I think the only other time I've done box squats was when I worked out with Matt Wenning a couple of years back.  These felt very solid.  I kind of thought the weight would be higher, but novelty, plus the lingering quad strain plus [waves hands].

Did DB Inclines for the 4th time in 4 years, haha.  These also felt fine

3 years since I did plate raises. 





Friday, July 22, 2016

Training with Matt Wenning at Ludus Magnus Gym. Day 1. Speed Lower

I was in Columbus this week for work, and I took the opportunity to arrange to go train with Matt Wenning at his gym, Ludus Magnus.  I would describe the gym as contemporary-hardcore.  A converted garage with no climate control, a ton of specialty bars, a couple of racks, a platform, a quality bench, all the dumbells, and a smattering of machines.  Only what you need, or might find useful.  Matt just had me work in with the group he was training that day, I'll detail basically what we did, but I don't remember specific weights.

Warm-up:
Sled-pull - 1/2 way down the block, and then back up (maybe 3 plates on the sled)
Lying Leg Curls - 1 set of 20
Decline Sit-Ups - 1 set of 20

Speed Squats - Safety-Bar Box Squats w/ one chain per side
I believe we did 4 sets of 2; all reps paused.

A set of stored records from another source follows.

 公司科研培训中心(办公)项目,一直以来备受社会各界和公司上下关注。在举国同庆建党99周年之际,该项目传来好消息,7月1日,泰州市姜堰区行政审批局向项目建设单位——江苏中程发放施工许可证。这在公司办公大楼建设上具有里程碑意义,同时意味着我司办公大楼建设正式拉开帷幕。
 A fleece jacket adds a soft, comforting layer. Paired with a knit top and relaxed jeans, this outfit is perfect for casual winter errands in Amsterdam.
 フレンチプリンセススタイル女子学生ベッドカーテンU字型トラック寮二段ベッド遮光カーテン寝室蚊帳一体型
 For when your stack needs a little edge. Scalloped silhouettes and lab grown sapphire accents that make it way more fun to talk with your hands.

Maybe a quarter and a dime on each side.

Speed Deads - different conventional stance/grip every set (1st lifter decides); all reps held at knee on eccentric for a 2 count.
We did a bunch of singles here.  Maybe worked up to 245.

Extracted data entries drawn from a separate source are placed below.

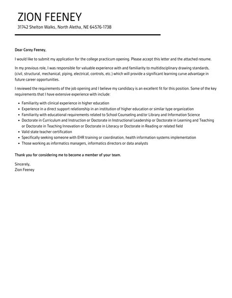 Sample Cover Letter For Practicum . Looking for cover letters on practicum and ideas? Learning how to write an effective cover letter for an internship can help you highlight your skills and other valuable assets to a company.
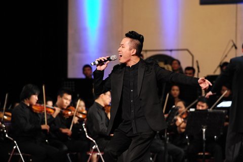 Tùng Dương trình bày các ca khúc "tủ": Con cò, Dư âm, Liti với dàn nhạc giao hưởng.
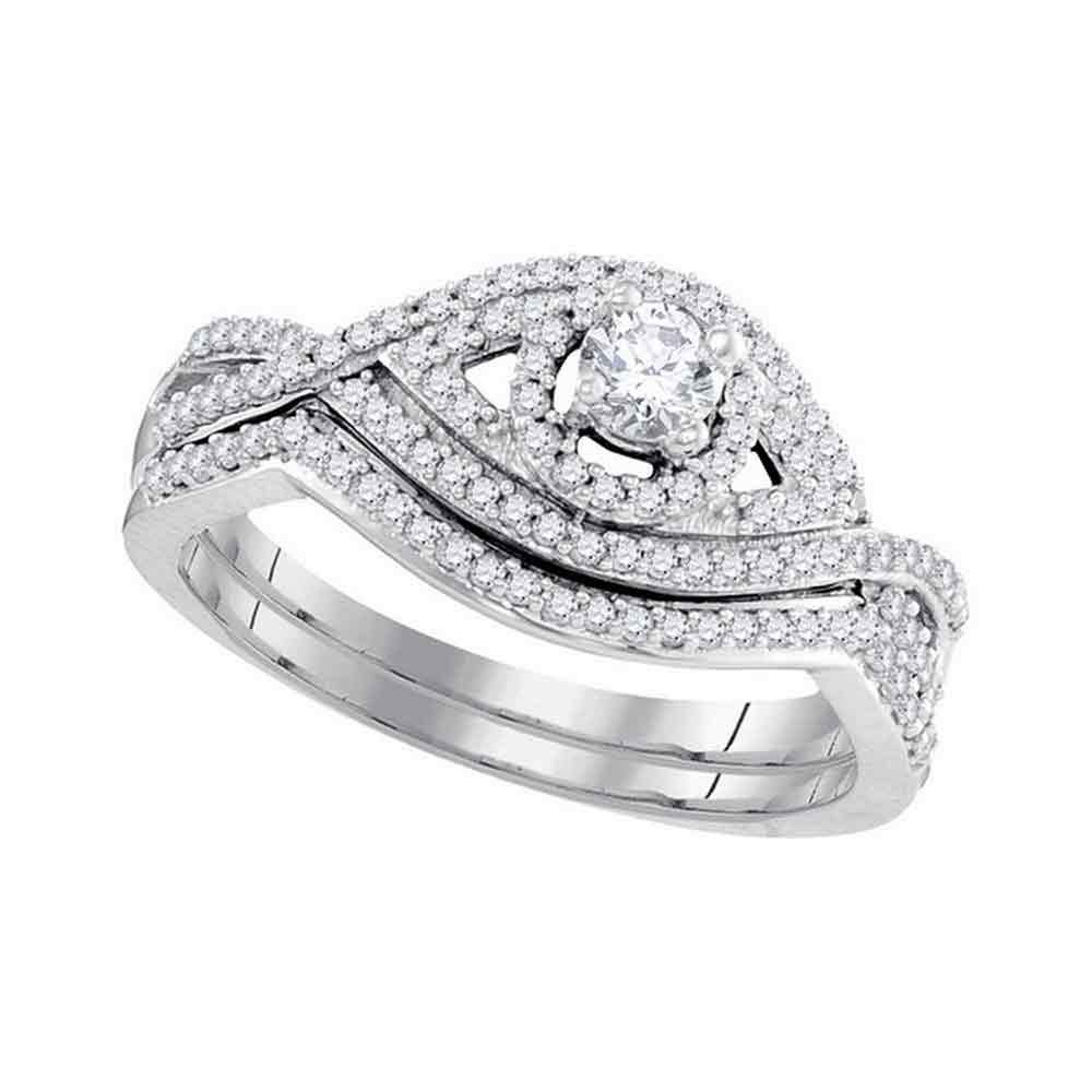 REF-49M5H ---- Round Diamond Bridal Wedding Ring Band Set 1/2 Cttw 10k White Gold
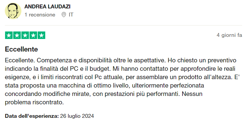 Parlare con un nostro esperto ti permetterà di ottenere una consulenza personalizzata che garantisca che ogni dettaglio della tua workstation sia progettato per offrirti la massima performance e affidabilità.
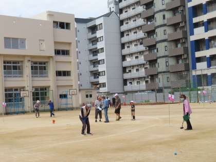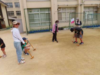 子どもたちと地域の方々、保護者のみなさんがグランドゴルフを通して交流を図る、素敵なひと時です。中にはホールインワンを決める、女子ゴルファーのような女の子もいました。
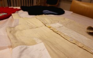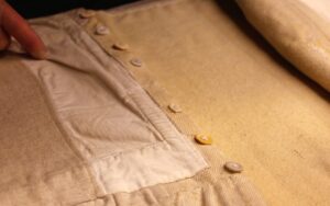 Det er lett å se at vesten har blitt lappet, og for sømkyndige øyne er det synlig at den har blitt tilpasset og endret gjennom at innsnitt er sprettet opp, og at det er satt inn kiler.
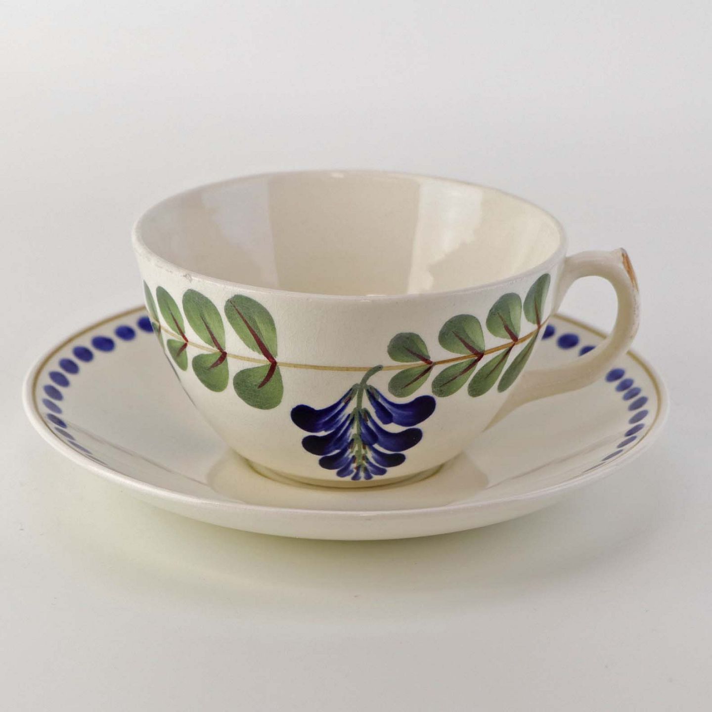 Tekop med underkop i fajance fra stellet Blåregn. Stellet er fremstillet i perioden år 1903-1933. Nr. 522/1756
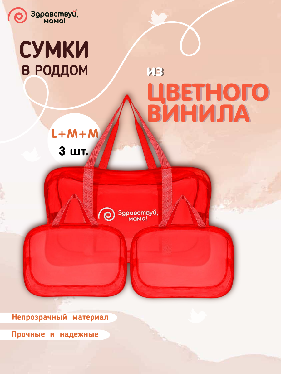 Усиленная сумка в роддом, готовая для мамы и малыша "здравствуй, мама!", цвет красный, набор из 3 шт.

Finishing Circuit - 2 rounds, AMAP
Fat Bar Shrugs w/ 1 pps.
GHR Sit-Ups
Hypers w/ 45 lb. plate

Warm-ups were all good.  Pulling a heavy-ish sled over a busted sidewalk in the the July sun was hilarious.

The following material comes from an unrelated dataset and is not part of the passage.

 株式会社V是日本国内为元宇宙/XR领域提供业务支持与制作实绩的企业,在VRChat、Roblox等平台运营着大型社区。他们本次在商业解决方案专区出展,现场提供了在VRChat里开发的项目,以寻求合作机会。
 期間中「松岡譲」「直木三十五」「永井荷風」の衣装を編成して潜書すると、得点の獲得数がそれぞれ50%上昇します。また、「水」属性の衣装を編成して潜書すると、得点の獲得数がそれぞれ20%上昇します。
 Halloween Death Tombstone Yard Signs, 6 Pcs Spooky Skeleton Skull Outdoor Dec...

The speed squats with safety bar, chains, paused on a box are the kind of classic "Westside" style movement I never thought I'd actually do.  I shit ton of sit-back.  More than I think would be possible with a regular squat.  Matt's take-home for me on this was basically, "you've got to keep your knees out hard.  Looks like you've been squatting a lot into your quads, and when those are taken away, you don't have any power.  Get those knees out, and keep them out."

The speed deads paused on the way down were kind of fun.  I really started to feel the pause in my lats.

On the finishing circuit, I got around 20 reps on each movement the first circuit, and around 15 on the second.  Matt's only real send-home for me on Deads was that I should do more of the weighted hypers.

I was working in with a crew of 3 other folks.  2 guys and 1 woman.  The team training environment of stripping, loading, spotting, cheering, and coaching was pretty fucking awesome.  Matt was super-nice, he ended up giving me a ride back to my hotel, and asking me to come train bench the next day.